Sonic is, of course, the poster-child for Sega. And I wanted Sonic so so fucking bad I would draw him in my notebook next to the Ninja Turtles.
I'm here to tell you that Sonic the Hedgehog fucking sucks. While every single Mario game has stood the test of time, playing old Sonic games is like punching yourself in the balls.
Let's start with Sonic's main gimmick: speed. Sonic runs fast. That's his thing. So the whole game is about just blazing through levels and perfecting timed jumps and obstacles and shit right? Wrong. The whole game is about blazing for about 5 seconds until a spike pops up out of the ground and fucking kills you. The whole speed thing is a lie. You have to play this entire like you're trying to not wake up your uncle who, when startled, spirals into vietnam flashbacks. You can go fast, but every time its like "not today fucker", here's a bumper that stops your momentum and sends you backwards. Now I have to slowly walk up to this bumper, jump over it, and start running again.
The level design is absolutely not straight-forward. Each map is humongous and inexplicably vertical. You do a lot fo climbing in this game, only to be send back down to the peasant part of the level because a fucking bee popped up on screen. But you're not even rewarded for jumping to the upper tiers, there is nothing up there and you won't complete the level any faster. And fuck Jumping in this game. Since the game wants you to feel fast, Sonic is just slippery as shit. Like I get when you're running and you skid to a stop you gotta feel like you're sliding. But when you have to make a very precise, deliberate, jump (and you have to do this a lot), you do not want to feel like the ground is made of ice all the time. And do not get me started on the fucking water levels. Sonic can only breath under water for a while before the game chokes your ass out, in a level ENTIRELY FILLED WITH WATER. Gotta go fast I guess.

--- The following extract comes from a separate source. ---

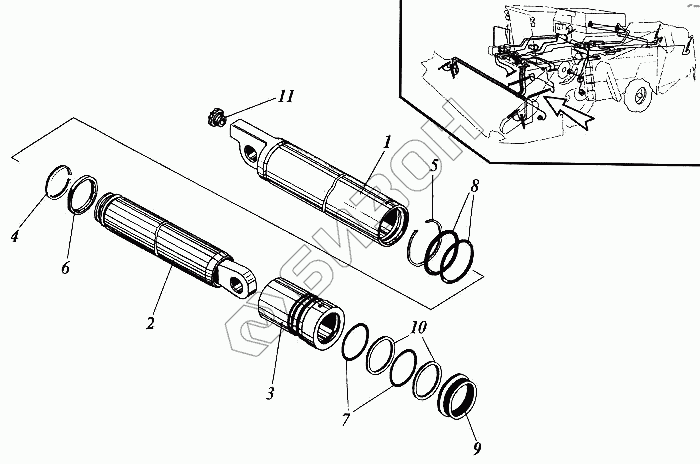 Графический каталог запасных частей к технике: РСМ Дон-1200Б. Гидроцилиндр

The only merit this game has is the five seconds of bliss where you're running like the wind before that monkey throws a coconut at you from off screen.
You know what, I used to be able to complete Donkey Kong Country in like an hour by running through each level as fast as I could. I had each enemy and jump memorized, and it was extremely satisfying being able to speedrun that shit on a Saturday morning. It had tight controls and well planned level design. That's what I want Sonic to be, but it's not. It's shit.
So I'm actually glad I didn't get to play this when I was a kid.